While superstar Hendrix is travelling, waiting in a motel room for a concert, or at home – what and why did he choose to paint, and which style best suits the fluid language of his music? Would it be a narrative story and have a character in the picture? What would the character do?
Hendrix was probably sensitive to seeing color as sound. Instead of a narrative style, Hendrix chose patterns and abstract colored shapes to create movement on the surface of the page. Each color chosen creates a rhythm: the color yellow jumps forward, sky blue slows down the repetitive beat and keeps us in a musical pause, while the color deep red, like a symphony slowly gaining volume, gains momentum in the overall composition.
Little did Hendrix need to know that chromesthesia is the name of a neurological phenomenon in which stimulation of one sensory pathway leads to an involuntary experience of another sensory pathway. If we know Hendrix, to enjoy his work we just have to know that a musical genius only chooses colors to create mood and rhythm in his design.
Notably, like Jimi Hendrix, country singer Johnny Cash also uses abstract color patterns. Unlike Hendrix, whose design does not relate to an object or person, Cash’s color mosaic patterns create the image of a moving bird. Centered on the side, Cash’s bird appears to be soaring.
Imaginative, whimsical and minimalist, John Lennon’s watercolor hangs on the gallery wall in contrast to a large painting of cultural icon, actor Tony Curtis. An American film actor known for six decades, he was the most popular in the 1950s and 60s. Of the 100 films Curtis has made, all starring award-winning academy actors, the pop culture generation may know him for his supporting role in Spartacus, or for his daughter Jamie Lee Curtis.
Curtis had a passion and talent for painting in the post-impressionist style. His choice of motifs were colorful still lifes, landscapes and portraits. His painting entitled Red Table is in the Media Wing Collection at the Museum of Modern Art in New York.
Looking at another of his works, the sizeable figurative painting in Gallery 208, visitors will easily recognize the influences of Van Gogh and Henri Matisse. While some of the works in the exhibition reflect a relaxing hobby, Curtis created an extensive body of work during his lifetime and was keenly aware of his intention. Artnet quoted Curtis as saying, “When I paint, I don’t paint shapes; I paint colors.”
Those who come to the opening on October 11 will not only be fascinated by the exhibit, but also by the collector. Alex Munroe will briefly discuss the art of collecting at the opening reception. Gallery 208 is showing just 18 of an extensive body of work – over 200 pieces in his collection.

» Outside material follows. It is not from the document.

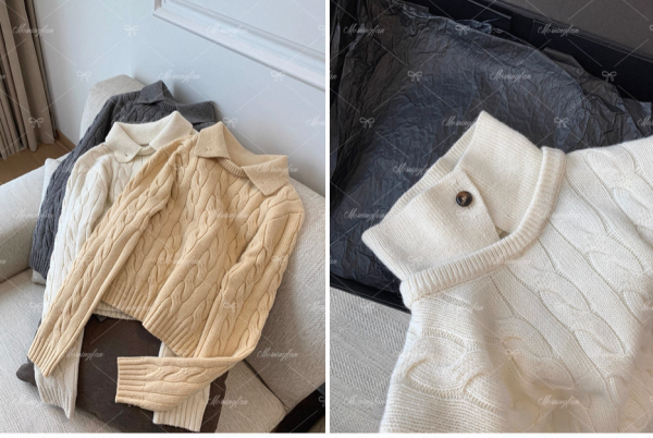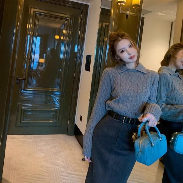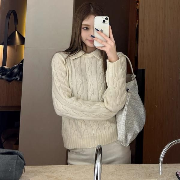 【大特価】3色展開 ケーブル編み 襟付き レイヤード 重ね着風 ニット セーター トップス 韓国 インポート 通販

What someone collects says a lot about that person. All collectors like the work of the artist(s), but also assume that the work could be appreciated. For many investors, your collection symbolizes success in social circles.

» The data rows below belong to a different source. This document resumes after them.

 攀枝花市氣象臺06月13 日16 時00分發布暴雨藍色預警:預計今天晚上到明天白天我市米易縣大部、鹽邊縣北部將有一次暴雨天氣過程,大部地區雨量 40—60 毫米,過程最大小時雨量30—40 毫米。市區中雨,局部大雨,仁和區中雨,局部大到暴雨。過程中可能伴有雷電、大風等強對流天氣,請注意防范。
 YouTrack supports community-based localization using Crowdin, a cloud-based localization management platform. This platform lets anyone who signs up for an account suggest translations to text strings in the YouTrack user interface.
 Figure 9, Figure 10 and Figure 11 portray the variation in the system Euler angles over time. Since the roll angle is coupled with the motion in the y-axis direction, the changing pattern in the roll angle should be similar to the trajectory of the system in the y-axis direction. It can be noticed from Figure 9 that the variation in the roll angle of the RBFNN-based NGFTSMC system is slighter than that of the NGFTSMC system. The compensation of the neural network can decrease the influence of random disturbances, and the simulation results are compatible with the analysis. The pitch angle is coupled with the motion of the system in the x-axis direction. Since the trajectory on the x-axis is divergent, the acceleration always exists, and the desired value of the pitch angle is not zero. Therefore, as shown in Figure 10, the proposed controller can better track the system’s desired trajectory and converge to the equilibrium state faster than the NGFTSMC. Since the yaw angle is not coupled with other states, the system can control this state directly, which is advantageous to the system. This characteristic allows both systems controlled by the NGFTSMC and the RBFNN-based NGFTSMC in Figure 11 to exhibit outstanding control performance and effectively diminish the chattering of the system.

When you visit the exhibition, you will not assume that Munroe’s eclectic collection is a way of self-validating as a social success. Instead, it’s easy to sense that the collection represents the collector with an entrepreneurial passion for the unexpected and a highly creative way of looking at the world and culture around them. When you meet Munroe you will immediately see the collection as an expression of a fun-loving personality with diverse interests and a positive attitude.
Munroe explained, “I buy art for the sheer joy of sharing it with people. Research has shown that when you look at art, your brain releases chemicals that make you feel safe and happy. My art takes this concept to an even higher level as being a celebrity has the added benefit. Seeing a play by Jimi Hendrix, Paul McCartney or Richard Petty adds an element of awe.”
So how do you share 200+ celebrity works with the public? Create the ambiance of a restaurant by stacking your original framed art collection on the walls and even hanging the works in the bathroom and toilet stalls. It’s easy to build and own a restaurant with great food, but it also has decor that exudes your outgoing and engaging personality.
Located in Elizabethtown off Interstate 87, this gallery restaurant is a combination restaurant, bar and ballroom. The stacked artworks that fill the walls are in the exhibition style of the 1850 Salon. The list is unexpectedly endless while dining at Cape Fear Winery, and includes works by Picasso, Salvador Dali, Matisse, Ron Wood, Ringo Starr, Dr. Suess, Jonathan Winters, Eric Clapton and more.
As already mentioned, the collector is just as curious as the collection. Munroe graduated from UNC-Chapel Hill with a BA in Advertising and in 2000 founded his first company in Wilmington manufacturing and selling detectable warning systems. Munroe then returned home to expand his business in the Elizabethtown Industrial Park.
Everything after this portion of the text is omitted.